Legend has it that one night when Lü Yan was in Chang'an or Handan, he dozed off as his yellow millet was cooking in a hotel. He dreamed that he took the imperial exam and excelled, and thus was awarded a prestigious office and soon promoted to the position of vice minister. He then married the daughter of a prosperous household and had a son and a daughter. He was promoted again and again, and finally became the prime minister. However, his success and luck attracted jealousy of others, so he was accused of crimes that caused him to lose his office. His wife then betrayed him, his children were killed by bandits, and he lost all his wealth. As he was dying on the street in the dream, he woke up.

Although in the dream, eighteen years had passed, the whole dream actually happened in the time it took his millet to cook. The characters from his dream were actually played by Zhongli Quan in order to make him realize that one should not put too much importance on transient glory and success.
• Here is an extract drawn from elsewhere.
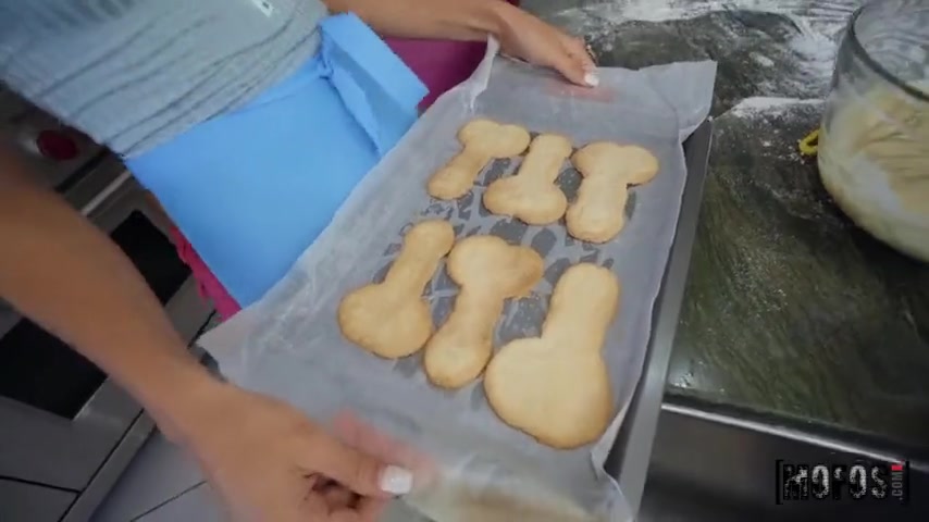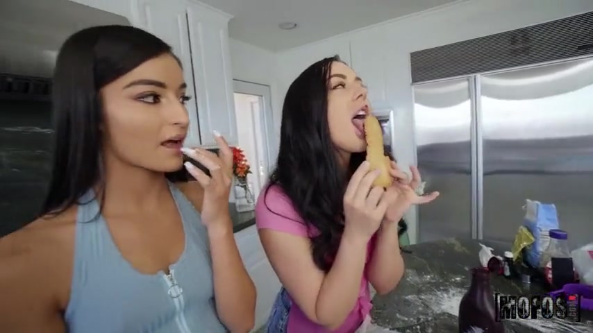 Teens Emily Willis & Whitney Wright fuck in a 3some while making cookies in the kitchen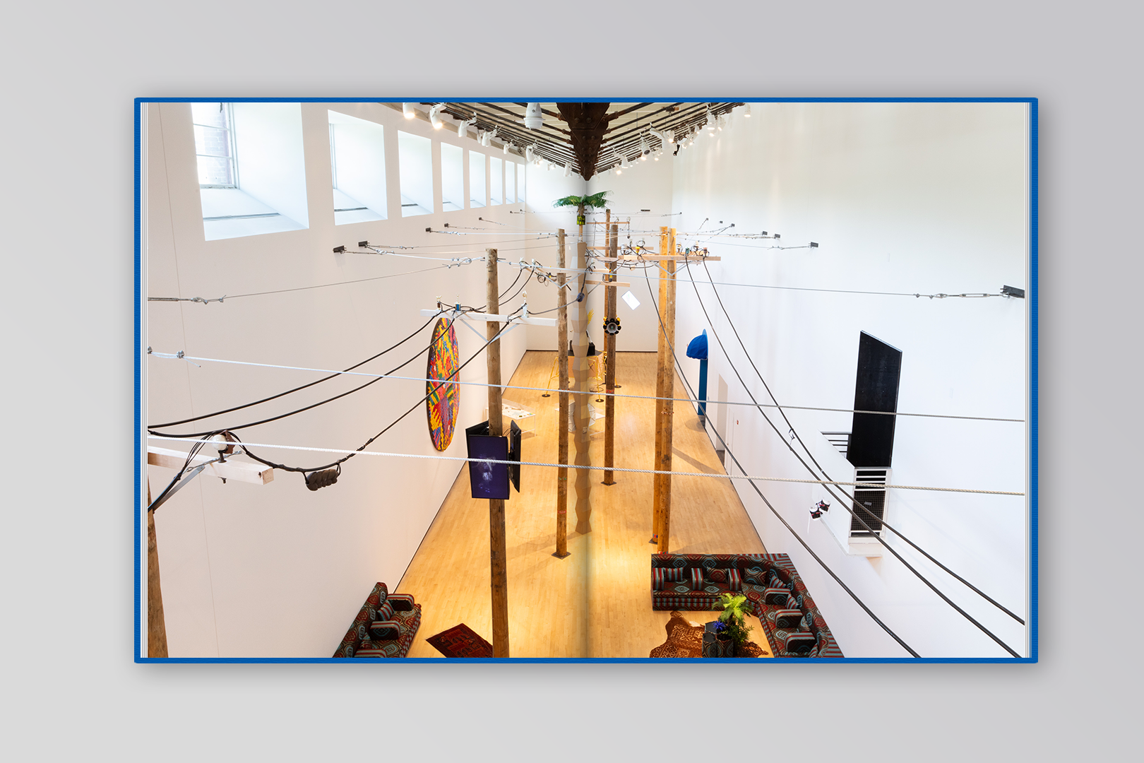 In Road to Hybridabad, Osman Khan re-reads the magical and fantastical figures found in folktales and lore from South Asia, the Middle East, and other Muslim and immigrant traditions. Khan interprets these figures through contemporary technologies and concerns: this new body of work includes an animatronic djinn, drone-operated flying carpets, a wall-destroying sound system/cannon, and a storytelling Scheherezade AI. Khan’s wryly funny work invites us on a journey across borders, through time, and between legend and history, encouraging us to reconsider — and perhaps rewrite — the narratives around identity, difference, and power reflected and recounted in the tales we tell ourselves.

As a result, Lü went with Zhongli to discover and cultivate the Tao. This dream is known as and is described in a writing compiled by Ma Zhiyuan of the Yuan dynasty.

In volume 82 of Song dynasty scholar Li Fang's Extensive Records of the Taiping Era, an earlier version of the story, Lü Dongbin was replaced by Student Lu, and Zhongli Quan by Elder Lü.

The exact age of Lü Yan when this incident occurred varies in the tellings, from 20 years of age to 40.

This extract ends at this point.